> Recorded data
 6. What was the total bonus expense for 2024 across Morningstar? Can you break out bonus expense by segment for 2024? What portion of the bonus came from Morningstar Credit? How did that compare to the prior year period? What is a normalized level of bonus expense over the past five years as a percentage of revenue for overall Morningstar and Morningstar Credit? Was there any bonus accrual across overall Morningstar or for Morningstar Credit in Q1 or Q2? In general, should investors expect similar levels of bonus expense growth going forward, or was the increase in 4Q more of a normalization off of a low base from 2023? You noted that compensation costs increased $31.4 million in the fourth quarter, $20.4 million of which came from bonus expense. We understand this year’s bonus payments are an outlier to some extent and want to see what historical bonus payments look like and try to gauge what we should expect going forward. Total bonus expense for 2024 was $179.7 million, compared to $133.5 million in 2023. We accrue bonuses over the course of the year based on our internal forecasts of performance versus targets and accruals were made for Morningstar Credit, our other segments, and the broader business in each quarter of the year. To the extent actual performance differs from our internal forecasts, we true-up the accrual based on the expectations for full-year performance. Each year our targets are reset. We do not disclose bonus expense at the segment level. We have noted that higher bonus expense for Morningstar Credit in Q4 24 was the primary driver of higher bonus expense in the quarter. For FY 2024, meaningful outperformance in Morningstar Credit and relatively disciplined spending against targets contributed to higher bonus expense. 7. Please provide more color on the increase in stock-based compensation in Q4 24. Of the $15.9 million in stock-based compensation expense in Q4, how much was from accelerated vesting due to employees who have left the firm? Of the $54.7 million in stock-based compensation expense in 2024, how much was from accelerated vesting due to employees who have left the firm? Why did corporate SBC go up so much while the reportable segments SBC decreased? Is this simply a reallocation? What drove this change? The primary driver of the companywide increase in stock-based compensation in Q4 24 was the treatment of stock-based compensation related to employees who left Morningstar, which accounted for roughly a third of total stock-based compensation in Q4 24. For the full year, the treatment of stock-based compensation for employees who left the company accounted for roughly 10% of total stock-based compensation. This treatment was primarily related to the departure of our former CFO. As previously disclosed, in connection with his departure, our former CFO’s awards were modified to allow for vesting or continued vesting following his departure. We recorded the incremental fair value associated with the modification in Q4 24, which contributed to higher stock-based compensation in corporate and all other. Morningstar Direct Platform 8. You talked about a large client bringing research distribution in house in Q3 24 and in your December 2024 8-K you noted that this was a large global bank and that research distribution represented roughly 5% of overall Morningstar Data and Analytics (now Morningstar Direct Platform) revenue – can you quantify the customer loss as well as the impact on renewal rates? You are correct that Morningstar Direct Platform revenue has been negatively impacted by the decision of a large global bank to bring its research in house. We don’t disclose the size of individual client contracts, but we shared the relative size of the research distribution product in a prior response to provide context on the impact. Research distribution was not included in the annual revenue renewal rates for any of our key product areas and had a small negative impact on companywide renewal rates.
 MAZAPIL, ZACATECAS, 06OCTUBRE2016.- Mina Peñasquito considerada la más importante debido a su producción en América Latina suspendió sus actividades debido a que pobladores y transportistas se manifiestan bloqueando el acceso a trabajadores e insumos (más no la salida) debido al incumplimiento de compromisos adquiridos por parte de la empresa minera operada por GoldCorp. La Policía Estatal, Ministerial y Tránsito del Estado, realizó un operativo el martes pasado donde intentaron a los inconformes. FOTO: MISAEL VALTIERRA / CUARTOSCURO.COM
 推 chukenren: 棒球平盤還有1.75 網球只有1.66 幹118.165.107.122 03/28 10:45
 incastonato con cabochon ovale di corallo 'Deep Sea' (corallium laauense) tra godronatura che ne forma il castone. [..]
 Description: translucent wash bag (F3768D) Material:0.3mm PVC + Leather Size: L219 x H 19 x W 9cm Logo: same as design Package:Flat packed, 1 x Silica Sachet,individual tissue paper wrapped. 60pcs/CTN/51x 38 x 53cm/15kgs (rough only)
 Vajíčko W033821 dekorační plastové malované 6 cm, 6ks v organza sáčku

> ASSIGNED TASK
The answer consists of the line holding "MAZAPIL, ZACATECAS, 06OCTUBRE2016.- Mina" and every line after it up to the end of the records, word for word.

> WRITTEN SOLUTION
 MAZAPIL, ZACATECAS, 06OCTUBRE2016.- Mina Peñasquito considerada la más importante debido a su producción en América Latina suspendió sus actividades debido a que pobladores y transportistas se manifiestan bloqueando el acceso a trabajadores e insumos (más no la salida) debido al incumplimiento de compromisos adquiridos por parte de la empresa minera operada por GoldCorp. La Policía Estatal, Ministerial y Tránsito del Estado, realizó un operativo el martes pasado donde intentaron a los inconformes. FOTO: MISAEL VALTIERRA / CUARTOSCURO.COM
 推 chukenren: 棒球平盤還有1.75 網球只有1.66 幹118.165.107.122 03/28 10:45
 incastonato con cabochon ovale di corallo 'Deep Sea' (corallium laauense) tra godronatura che ne forma il castone. [..]
 Description: translucent wash bag (F3768D) Material:0.3mm PVC + Leather Size: L219 x H 19 x W 9cm Logo: same as design Package:Flat packed, 1 x Silica Sachet,individual tissue paper wrapped. 60pcs/CTN/51x 38 x 53cm/15kgs (rough only)
 Vajíčko W033821 dekorační plastové malované 6 cm, 6ks v organza sáčku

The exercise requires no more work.